◆ Requirement ◆
Of the material below, only the lines from the line containing "Comment adhérer : en" down to the line containing "altri dispositivi Type-C." belong in the answer, written out exactly.

[Excerpted records]

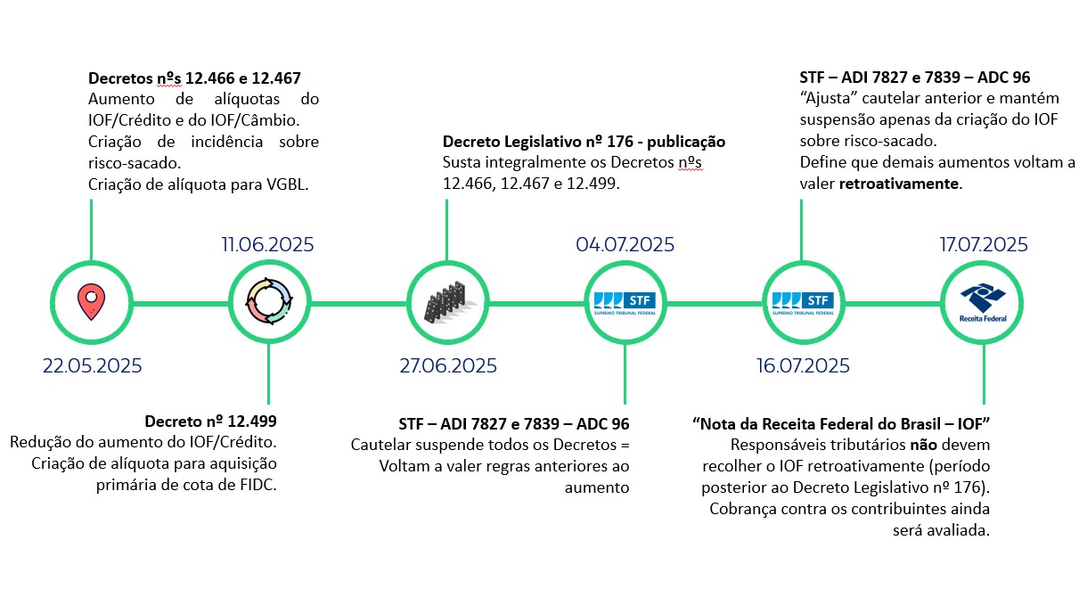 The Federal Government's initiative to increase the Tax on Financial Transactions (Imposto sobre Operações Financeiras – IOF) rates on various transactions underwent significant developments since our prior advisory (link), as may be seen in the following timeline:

[/Excerpted records]
[Excerpted records]

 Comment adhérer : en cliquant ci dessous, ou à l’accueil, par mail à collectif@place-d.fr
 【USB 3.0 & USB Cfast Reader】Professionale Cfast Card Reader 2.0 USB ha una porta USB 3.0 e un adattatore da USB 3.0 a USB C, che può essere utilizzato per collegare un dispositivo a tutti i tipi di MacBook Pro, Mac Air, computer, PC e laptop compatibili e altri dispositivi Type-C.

[/Excerpted records]

◆ Result of the task ◆
 Comment adhérer : en cliquant ci dessous, ou à l’accueil, par mail à collectif@place-d.fr
 【USB 3.0 & USB Cfast Reader】Professionale Cfast Card Reader 2.0 USB ha una porta USB 3.0 e un adattatore da USB 3.0 a USB C, che può essere utilizzato per collegare un dispositivo a tutti i tipi di MacBook Pro, Mac Air, computer, PC e laptop compatibili e altri dispositivi Type-C.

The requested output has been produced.